DirectQuery Fallback¶
When a query exceeds guardrail limits, Direct Lake transparently falls back to DirectQuery mode. This ensures the report continues to function, but performance degrades because queries are now translated to SQL and executed against the SQL endpoint.
flowchart TB
subgraph Query["📊 DAX Query"]
Q["User opens report"]
end
subgraph Check["🔍 Guardrail Check"]
GC{{"Rows < Limit?<br/>Columns < Limit?<br/>Size < Limit?"}}
end
subgraph DL["⚡ Direct Lake Path"]
VP["VertiPaq<br/>(sub-second)"]
end
subgraph DQF["🔗 DirectQuery Fallback"]
SQL["SQL Endpoint<br/>(seconds to minutes)"]
end
Query --> Check
GC -->|"✅ Within limits"| DL
GC -->|"❌ Exceeds limits"| DQF
style DL fill:#27AE60,stroke:#1E8449,color:#fff
style DQF fill:#E74C3C,stroke:#C0392B,color:#fff
style Check fill:#F39C12,stroke:#D68910,color:#fff DirectLakeBehavior Property¶
The DirectLakeBehavior property controls how the semantic model handles guardrail violations:
| Value | Behavior |
|---|---|
Automatic (default) | Falls back to DirectQuery when guardrails are exceeded; transparent to users |
DirectLakeOnly | Never falls back; returns an error if guardrails are exceeded |
DirectQueryOnly | Bypasses Direct Lake entirely; always uses DirectQuery (debugging only) |
Setting DirectLakeBehavior via XMLA:
{
"createOrReplace": {
"object": {
"database": "sm_casino_analytics"
},
"database": {
"model": {
"directLakeBehavior": "DirectLakeOnly"
}
}
}
}
Setting via Tabular Editor:
💡 Tip: Set
DirectLakeBehaviortoDirectLakeOnlyin development and testing to immediately surface any guardrail violations. Switch toAutomaticin production so reports degrade gracefully rather than failing outright.

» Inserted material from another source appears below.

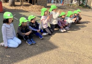 今日もグラウンドで運動あそびをしました。始まりのご挨拶をする時に、前にはたんぽぽ組さんが。「見られている」と感じると、気が引き締まります、、、!かっこいいお兄さんお姉さんのご挨拶を見せてくれました(表情から姿勢まで、素敵でした!)。

Monitoring Fallback Events¶
Track fallback occurrences to identify tables that need optimization:
// In DAX Studio, query the DMV for fallback events
SELECT
[TABLE_NAME],
[FALLBACK_REASON],
[FALLBACK_TIMESTAMP]
FROM $SYSTEM.DISCOVER_STORAGE_TABLE_COLUMN_SEGMENTS
WHERE [FALLBACK_REASON] IS NOT NULL
Common Fallback Reasons and Remediation:
| Fallback Reason | Cause | Remediation |
|---|---|---|
| RowCount exceeded | Table has more rows than SKU allows | Aggregate in Gold; partition by date; upgrade SKU |
| ColumnCount exceeded | Too many columns in one table | Remove unused columns; split into fact + dimension |
| TableSize exceeded | Parquet file size exceeds limit | Run OPTIMIZE to compact; remove historical partitions |
| Calculated column | Model contains calculated columns | Replace with notebook-computed columns in Gold |
| Calculated table | Model contains calculated tables | Materialize the table in the Lakehouse instead |
🔄 Refresh & Sync¶
Automatic Sync on Delta Commit¶
Direct Lake automatically detects changes to the underlying Delta tables. When a notebook, pipeline, or dataflow writes new data to the Lakehouse, the next query will trigger a re-frame that picks up the new Parquet files.
sequenceDiagram
participant NB as 📓 Notebook
participant LH as 💾 Lakehouse
participant DL as ⚡ Direct Lake
participant PBI as 📊 Power BI
NB->>LH: Write new data (Delta commit)
LH->>LH: Update _delta_log/
PBI->>DL: User opens report
DL->>LH: Read transaction log
DL->>DL: Detect new version → Re-frame
DL->>LH: Load new column segments
DL->>PBI: Return fresh results 📝 Note: Auto-sync is triggered by the next query after a Delta commit. There is no continuous polling. If no one queries the report, re-framing does not occur until a query arrives. This is by design to conserve capacity resources.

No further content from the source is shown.